Those of us involved in Dominican education constantly face the challenge of articulating what it is that is distinctive about our tradition as opposed to the Jesuit tradition. I would propose that the answer to that question lies in what we have talked about today. Dominican education should above all else seek to cultivate students who are contemplatives. I know this is a counter-intuitive and counter-cultural claim; I do not expect the marketing people of the college to make this our new slogan on the web site. Yet it expresses the core conviction of the Catholic and Dominican educational ideal: both faith and reason are a means to contemplation of truth about God, and it is precisely for the contemplation of truth that we were made; in grasping this truth about truth-seeking, we come to know who we are as human beings created in the image and likeness of God.

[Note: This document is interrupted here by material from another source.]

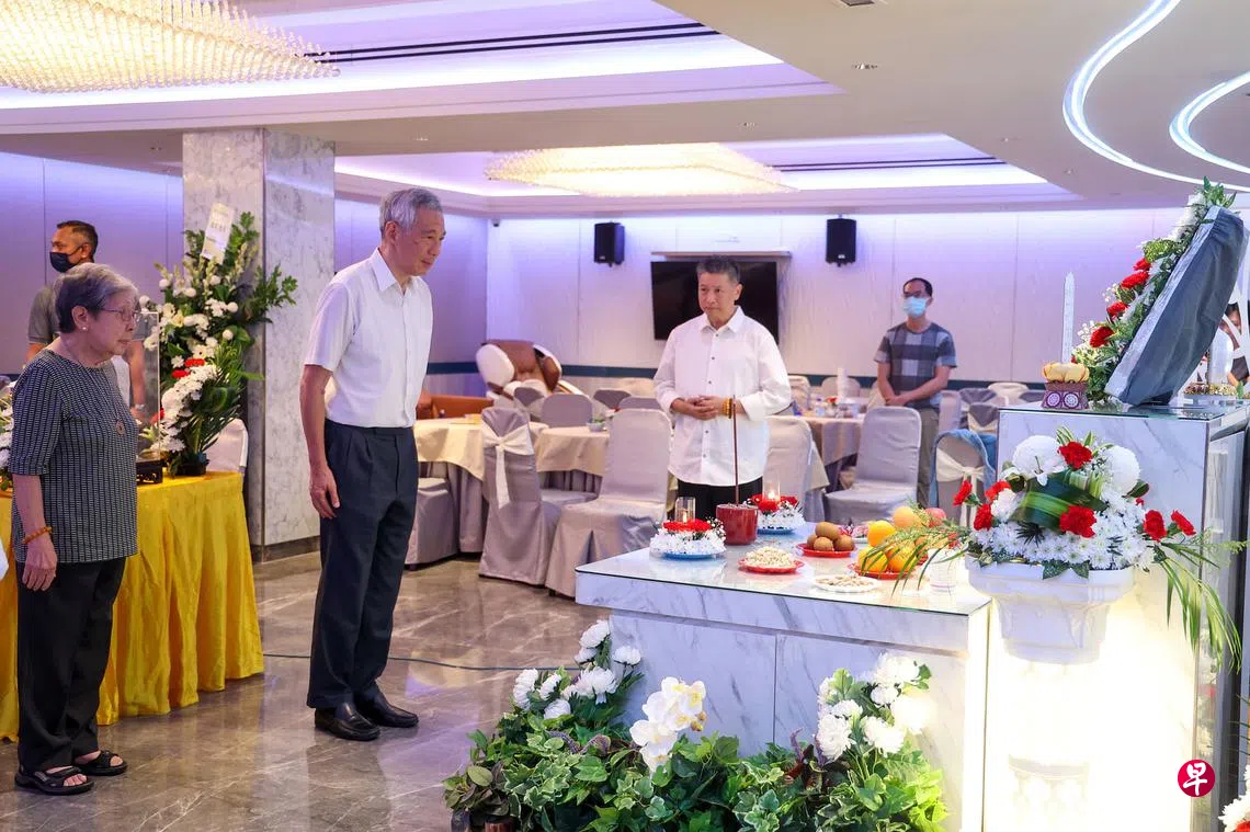 李总理星期一傍晚6时到设于新加坡殡仪馆的灵堂吊唁,并停留超过40分钟,与陈志成家属和生前好友交谈。

If knowledge of truth is the purpose for which we are created and our ultimate end in the beatific vision, then it is vital for our students to come to understand the contemplative vocation as the heart of life. In a world where human identity is in danger of being reduced to social or commercial value, and the role of education correlatively rethought in instrumental or market-place terms, it is a prophetic educational message to assert that the ultimate goal of education is contemplative wisdom. In educating our students to lead contemplative lives we are at the same time educating them to make good choices: it is not possible to know what is worth choosing, and even dying for, apart from an appreciation of the truth of the whole. Moreover, no one who thinks about the truth of the whole can keep it to him or herself. That is why another motto of the Dominican order is contemplare et aliis tradere — to contemplate and to give to others the fruits of contemplation. In educating our students to be contemplatives, we are educating them to be prophetic agents of social change. The most powerful force for transforming both self and society is the contemplation of truth.[7]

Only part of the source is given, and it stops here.